_TASK TO COMPLETE_
Copy the lines below word for word, skipping any image.

_PROVIDED DATA_
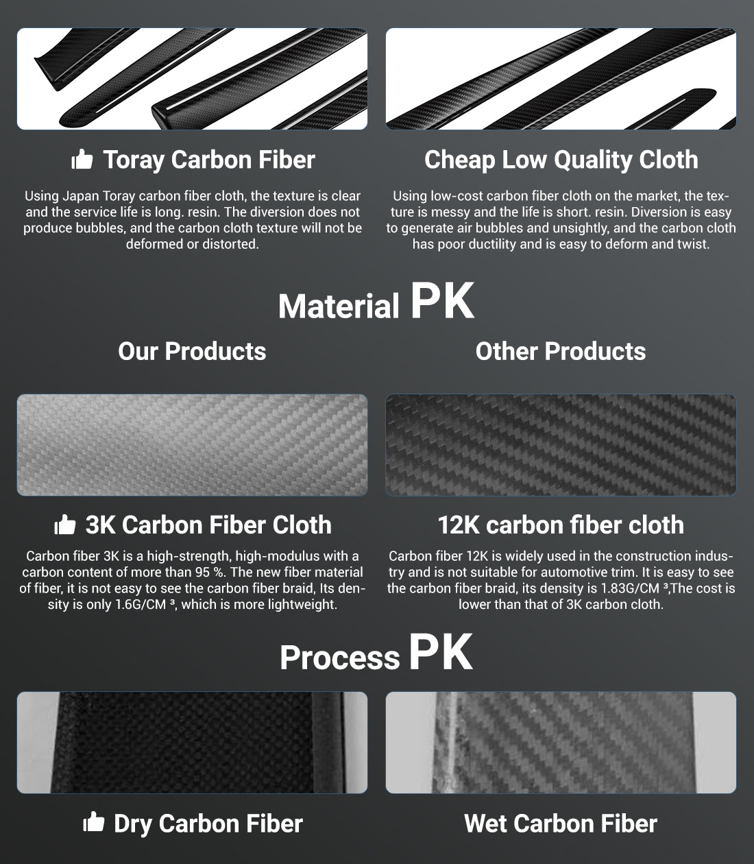 Lightweight, durable, and ultra-premium. Unlike hydro-dipped or vinyl alternatives, this is authentic dry carbon that delivers true performance aesthetics. 3D woven carbon texture inspired by performance cars. Durable & UV Resistant – Maintains its beauty look over time without yellowing, warping, or peeling.
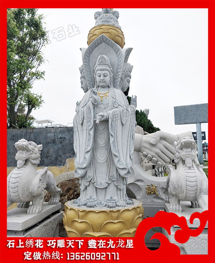 觀音石雕像(石雕四面觀音圖片大全 四面觀音石像定制)——九龍星石業(yè),惠安知名石雕佛像廠家。
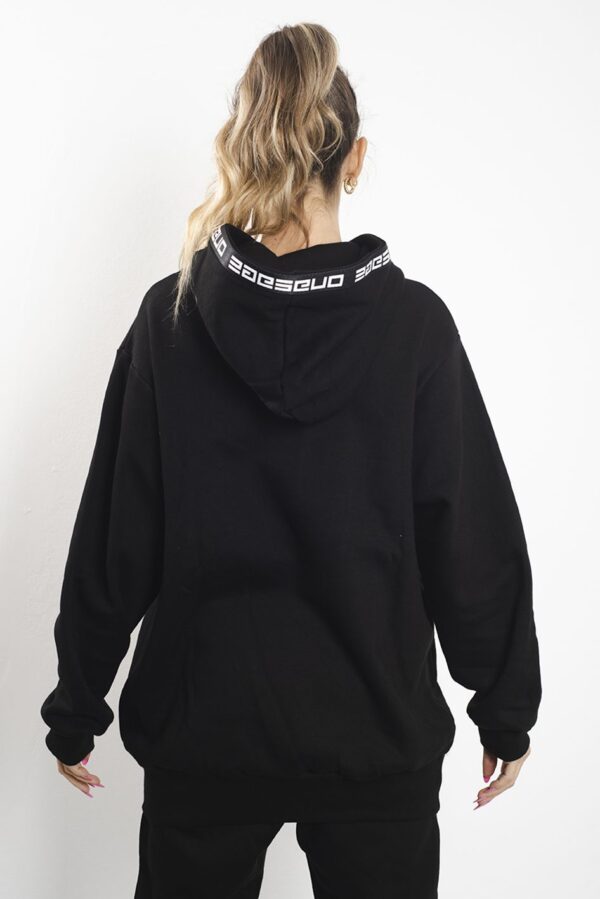 Detalle de cinta de marca bordada contratono alrededor de la capucha

_ANSWER SECTION_
 Lightweight, durable, and ultra-premium. Unlike hydro-dipped or vinyl alternatives, this is authentic dry carbon that delivers true performance aesthetics. 3D woven carbon texture inspired by performance cars. Durable & UV Resistant – Maintains its beauty look over time without yellowing, warping, or peeling.
 觀音石雕像(石雕四面觀音圖片大全 四面觀音石像定制)——九龍星石業(yè),惠安知名石雕佛像廠家。
 Detalle de cinta de marca bordada contratono alrededor de la capucha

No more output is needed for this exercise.